Recorded information Block Start

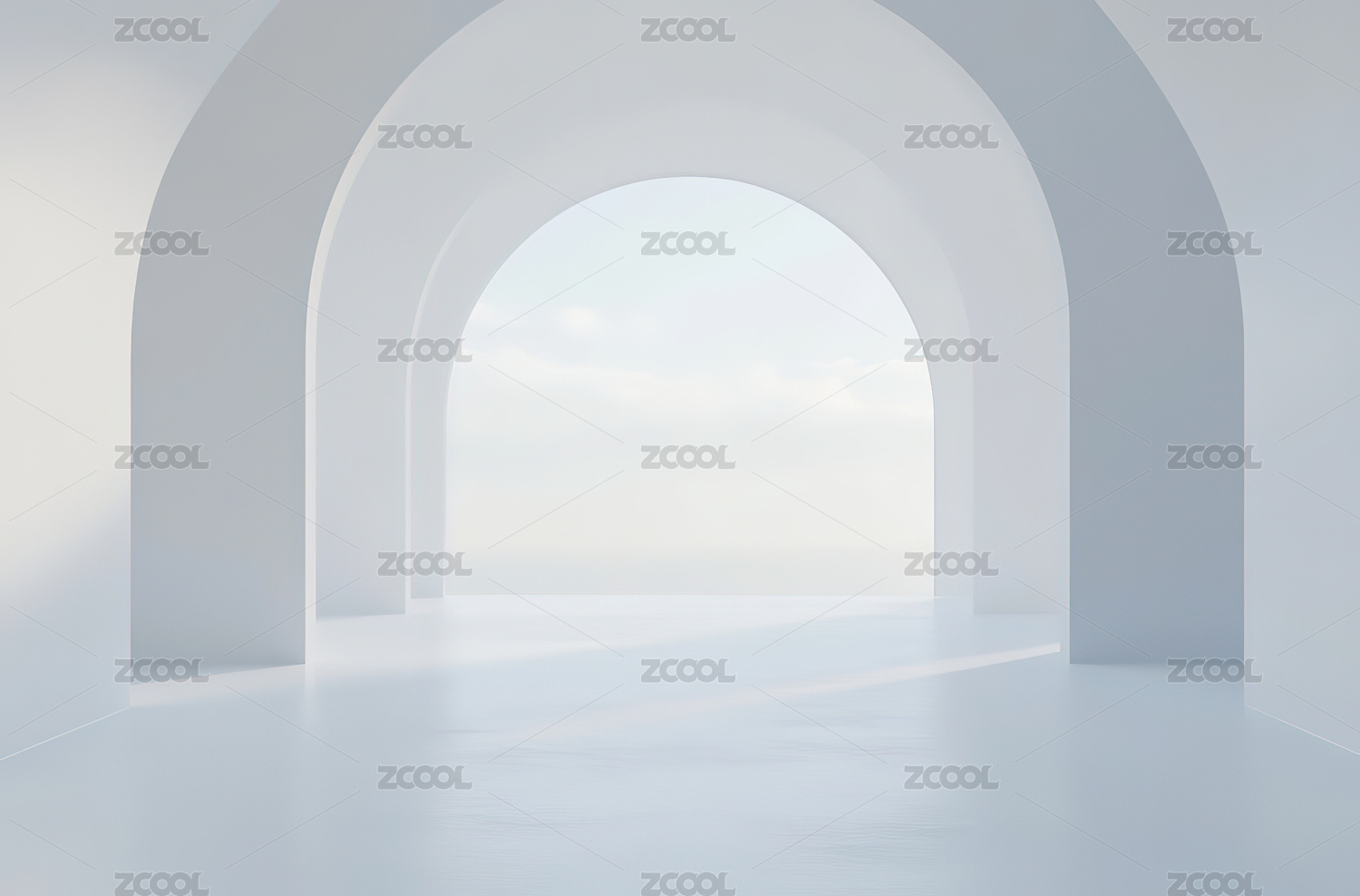 AI数字艺术,建筑,室内,走廊,白昼,拱门,背景,现代,未来,教堂
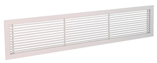 • Grille murale en aluminium simple déflexion Gridlined Wall pour la reprise d'air. • Design soigné et grande qualité d'éxécution. • 300x100 mm. • Finition avec peinture époxy blanche RAL 9010 mat 30%. • Fixation F3 pratique et discrète (non apparente) par clips à friction. • Barres frontales horizontales fixes avec déflexion 15°. • Cadre de largeur de 23 mm. • Accessoires : registres SGS (acier) ou AGB (aluminium brut) à mouvement contrarotatif, contre-cadre F4 ou F6 en tôle d’acier galvanisé, plénum de raccordement en tôle d’acier galvanisé avec piquage arrière type MT ou piquage côté type ME.
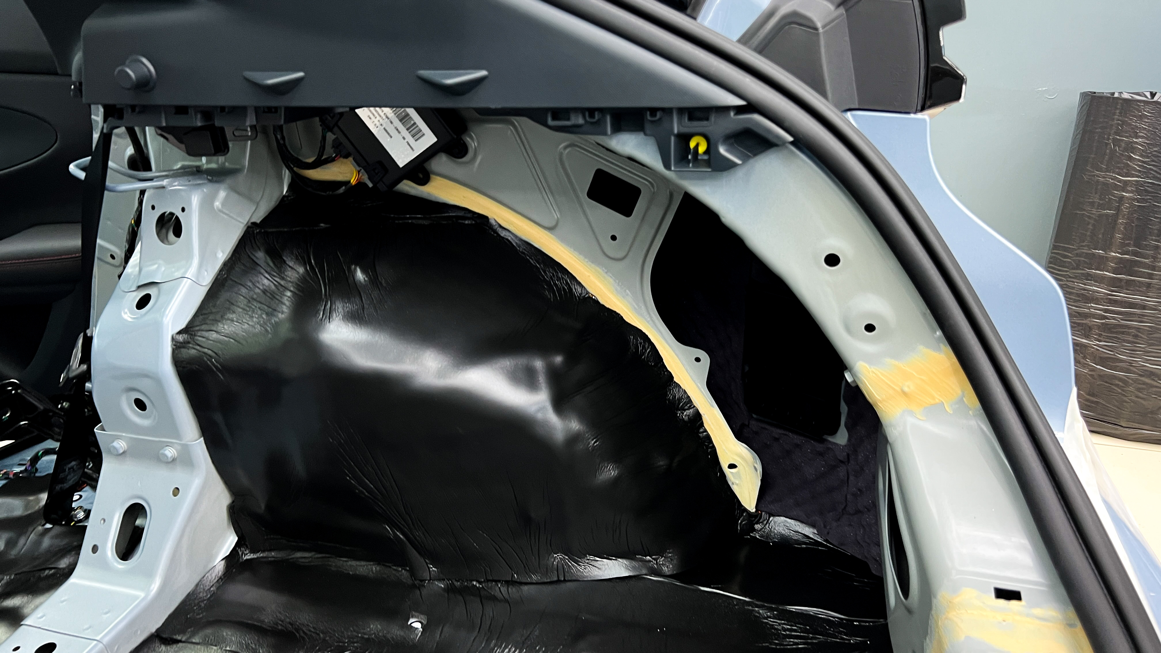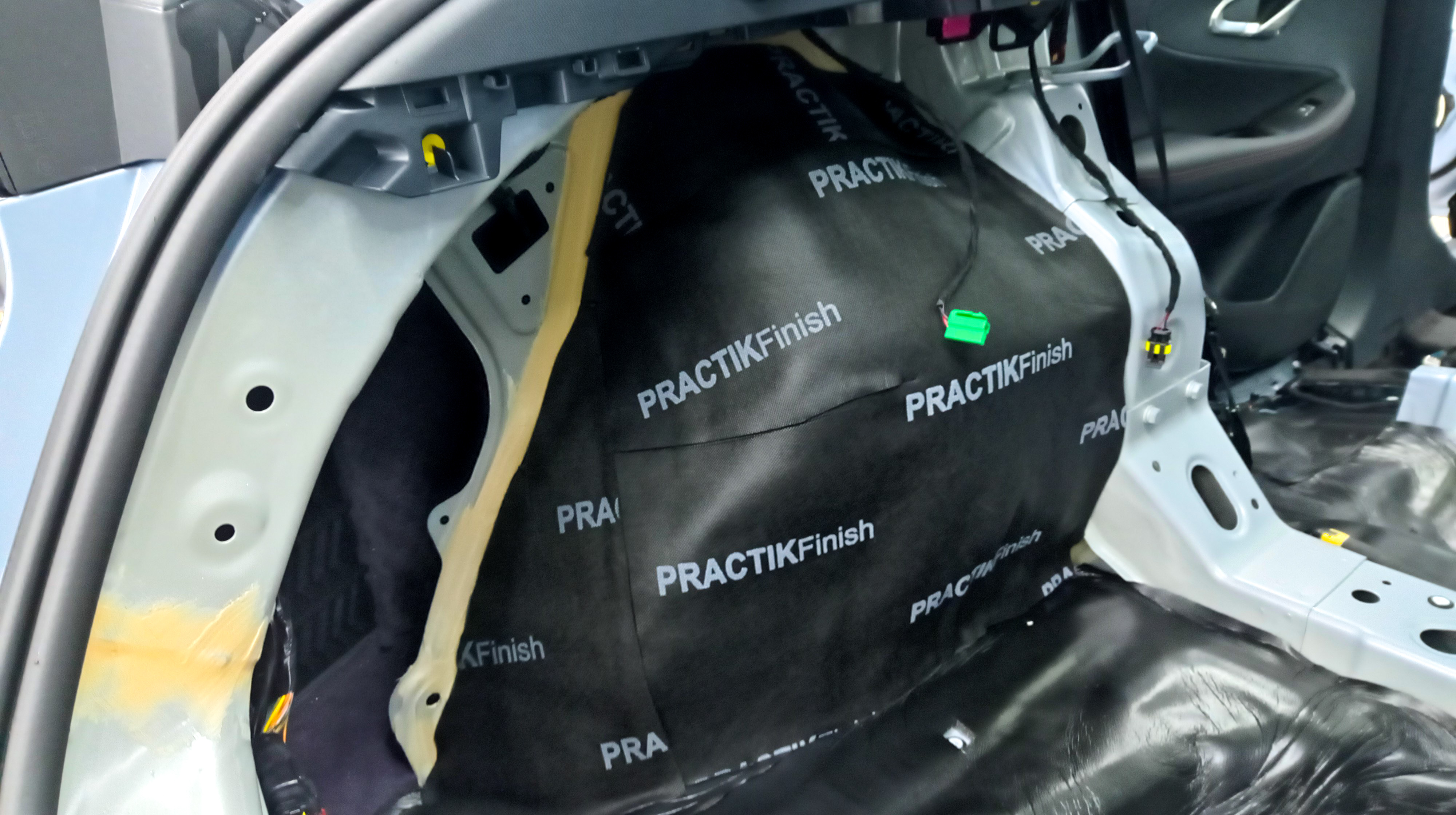 Шумоизоляция арок Чанган Юни-Т Завершаем шумоизоляцию нанесением третьего слоя звукоизоляционной мембраны Practik Finish на арки.
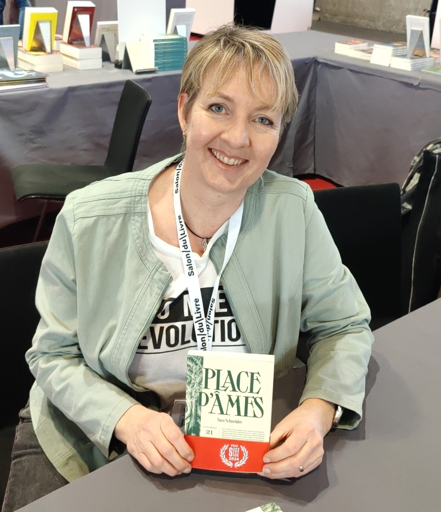 La star de la table sera sans conteste Sara Schneider, autrice fantasy de la saga des enfants d’Aliel et qui est toute auréolée du Prix SFFF Suisse 2024 pour son superbe roman « Place d’âmes » (dont je vous ai déjà parlé).
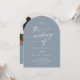 Boho Dusty Blue Photo QR Code Arch Wedding Invitation
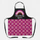 Women's apron with an image of a lipstick lesbian pride flag and a rainbow, and repeating seamless flower pattern; pink, white, and orange design on a black background, with a customisable text template for your own name or message
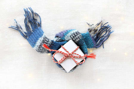 gift and knitted blue scarf on fabric with light lights top view. warming holiday surprise
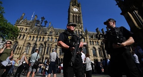 | Des policiers en faction place Albert, le 26 mai à Manchester. |
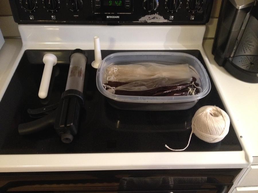 Stuff the meat in the sausages making sure there are no air bubbles inside the casings. Twist them tight and tie them off with butcher string and leave some room to tie a loop to hang the sausages in the smoker if your casings don’t have a loop on them already. Just FYI, I stuffed the casings on Friday night.
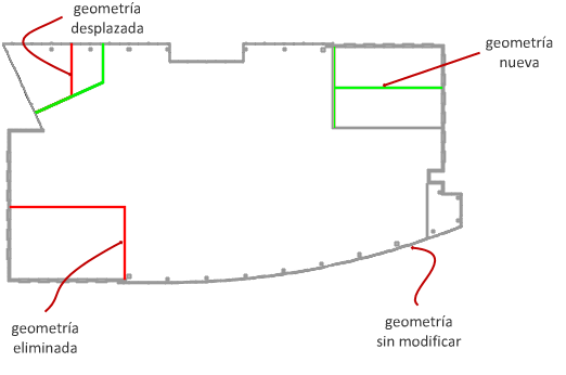 Puede comparar visualmente los cambios de la geometría entre dibujos o versiones de un dibujo. Un conjunto de colores preasignados distingue los objetos recién añadidos, eliminados, modificados (por ejemplo, desplazados o cuyo tamaño se ha cambiado) o sin modificar. El resultado de la comparación visual entre versiones de un dibujo se muestra en un nuevo dibujo, mientras que el resultado de la comparación entre dos dibujos se muestra en el dibujo actual.
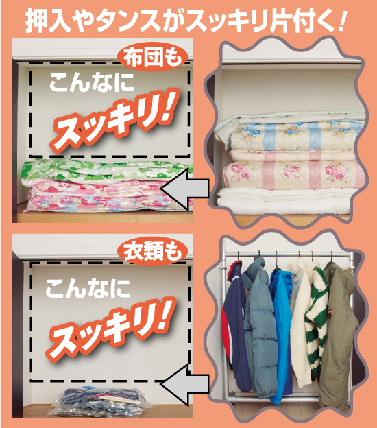 片づけが楽しくなる見た目に美しい花柄の圧縮袋のセットです。今や当たり前になった収納の省スペース術は圧縮すること。これはバルブに付属の電動の吸引ポンプをあててスイッチオンするだけの簡単操作で、一枚の厚みのある布団が見る間に圧縮されてスッキリ片付きます。同じように衣類専用の圧縮袋を加えたそれぞれ4枚ずつをセットに。さらに圧縮袋の中に入れて使える抗菌防臭防ダニシートが4枚、圧縮袋専用の電動吸引ポンプまでついた計1 0点組です。届いてすぐに使えて大変便利コロナ禍で在宅の機会が多く、整理や清掃が増える時には大活躍します。

Recorded information Block End

Output exactly the lines above, beginning at the one with "La star de la" and stopping after the one with "à Manchester. |". Pictures are to be omitted.

 La star de la table sera sans conteste Sara Schneider, autrice fantasy de la saga des enfants d’Aliel et qui est toute auréolée du Prix SFFF Suisse 2024 pour son superbe roman « Place d’âmes » (dont je vous ai déjà parlé).
 Boho Dusty Blue Photo QR Code Arch Wedding Invitation
 Women's apron with an image of a lipstick lesbian pride flag and a rainbow, and repeating seamless flower pattern; pink, white, and orange design on a black background, with a customisable text template for your own name or message
 gift and knitted blue scarf on fabric with light lights top view. warming holiday surprise
 | Des policiers en faction place Albert, le 26 mai à Manchester. |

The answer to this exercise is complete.